Intanto, le cose vanno come devono andare, e la fragilità del nostro essere
ogni tanto esplode in silenzi, caotici silenzi. Da fuori non si vede, ma
dentro... troppa roba dentro...
Mi sono immaginato di essere il principe che viene a mettervi la scarpetta,
boh...mi sa che non sarei adatto, ci metterei mezzora a mettervi la
scarpetta per avere più tempo per sbirciarvi fra le gambe,
sì, temo che non sarei un buon principe. pfff..che razza di destini ci sono in giro. Il
principe maniaco..iuk iuk..magnifico! :O)
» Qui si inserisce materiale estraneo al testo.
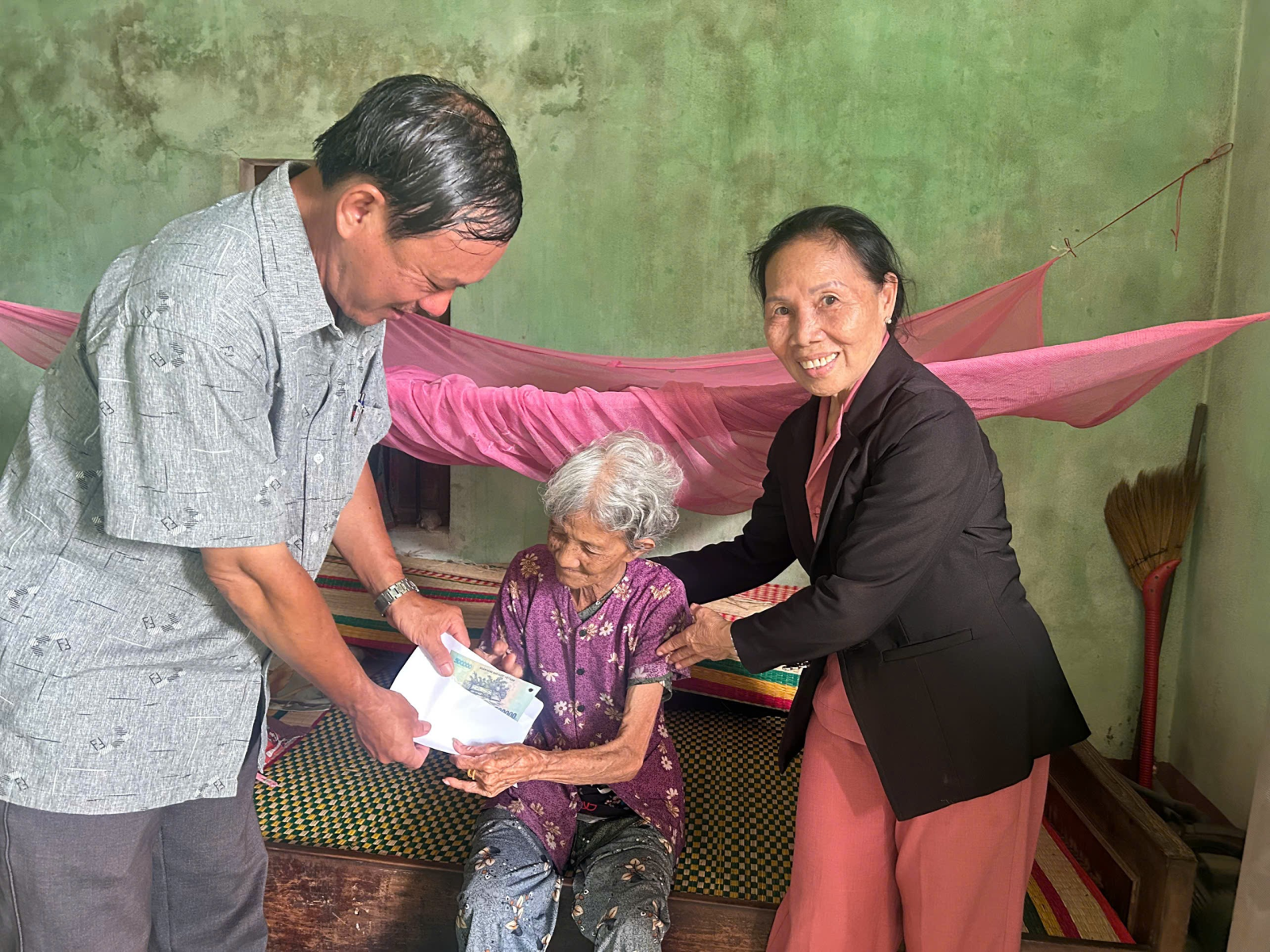 Đ/c: Huỳnh Tấn Dũng – Phó Trưởng phòng VHXH xã đến thăm bà Nguyễn Thị Chính (Cô đơn, nghèo, HC khó khăn thôn An Hoà 1)
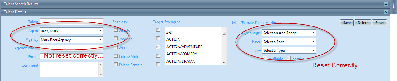 <P>cboAgencies.Text = null; //Also tried ""<BR>cboAgencies.SelectedValue = null;<BR>cboAgencies.ClearSelection();</P> <P><BR>cboAgents.Text = null;<BR>cboAgents.SelectedValue = null;<BR>cboAgents.ClearSelection();</P>
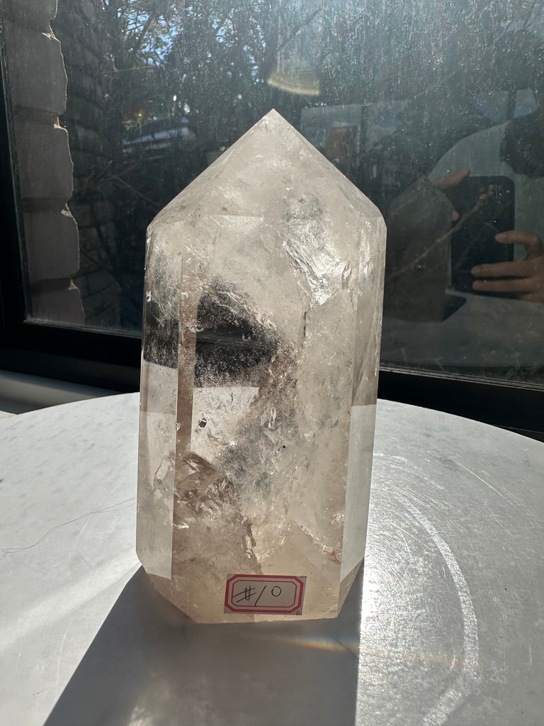 Large Natural Smoky Quartz Tower smoky quartz Obelisk w Rainbow & Snow Mountain Grounding Crystal home decor healing crystal collection, Christmas Crystal Gift #10
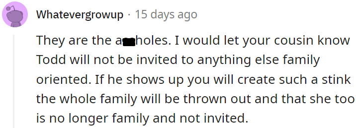 "I would let your cousin know Todd will not be invited to anything else family-oriented."
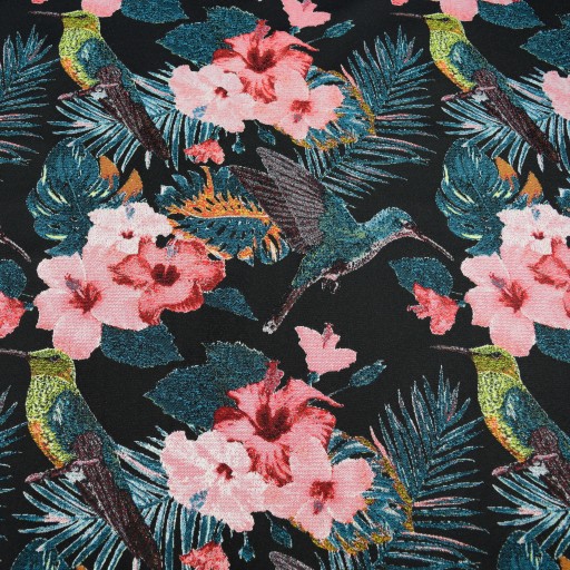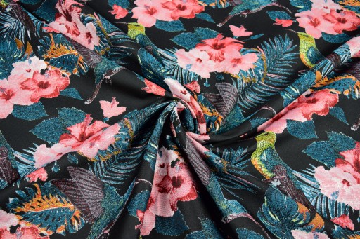 ptaków i tropikalnych kwiatów. Materiał produkowany metodą tkania -
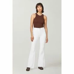 Designed with the best, most-sculpting high-rise top block that could formulate and paired with with a leg-lengthening flare for a little drama. Cranes is a clean, white denim with silver hardware. This is a low-stretch style. Consider sizing up if between sizes.Classic is a mid-weight, strong hold denim that combines innovative fibers and cotton to create ultimate low-impact jean that looks vintage but feels modern. It has a supple and slightly firm feel still being breathable and slightly stretchy.
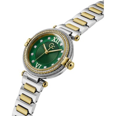 This GC watch has a case made of stainless steel with a diameter of 36.5 mm and is fitted with a stainless steel band.
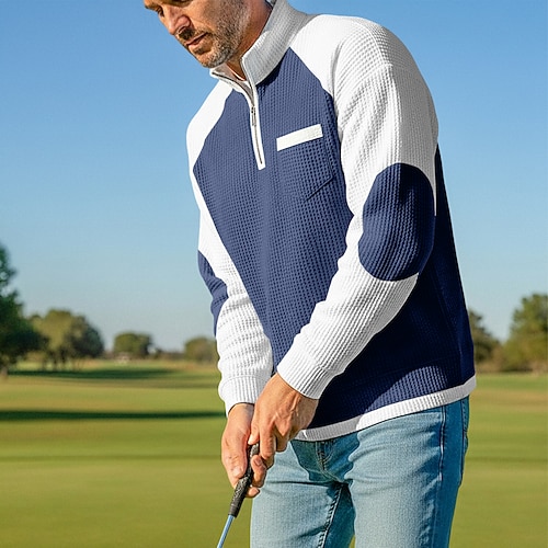 Per uomo Maglietta Polo con zip Maglietta tattica Camicia a Maniche Lunghe Manica Lunga Zip a un quarto Colletto fasciato Primavera Autunno Blocco di colori Quotidiano Casual Stile da Strada Tasca

Dovrei andare ora, ma penso alle vostre scarpette e sapete che su mi me hanno
un certo effetto, soprattutto se tirate su la gonna. Mi piace pensare che lo
avete fatto apposta per me, e mi piace pensare che vi siate sentita un pò
... vogliosa... (avrei voluto usare una parola forte e ammicante, ma...sigh
non ci siete e poi quando leggerete non proverete quello che provo io ora
nel dirvela con ammirazione)
Milady, spero sia una bella festa per voi, divertitevi vi prego,ne avete il
sacrosanto diritto.
E' ora che vada, spero di ritrovarvi
questa notte nei miei sogni.
Baci sulle tette.
A.
by AcquaSale | commenti (16) | commenti (16)(popup)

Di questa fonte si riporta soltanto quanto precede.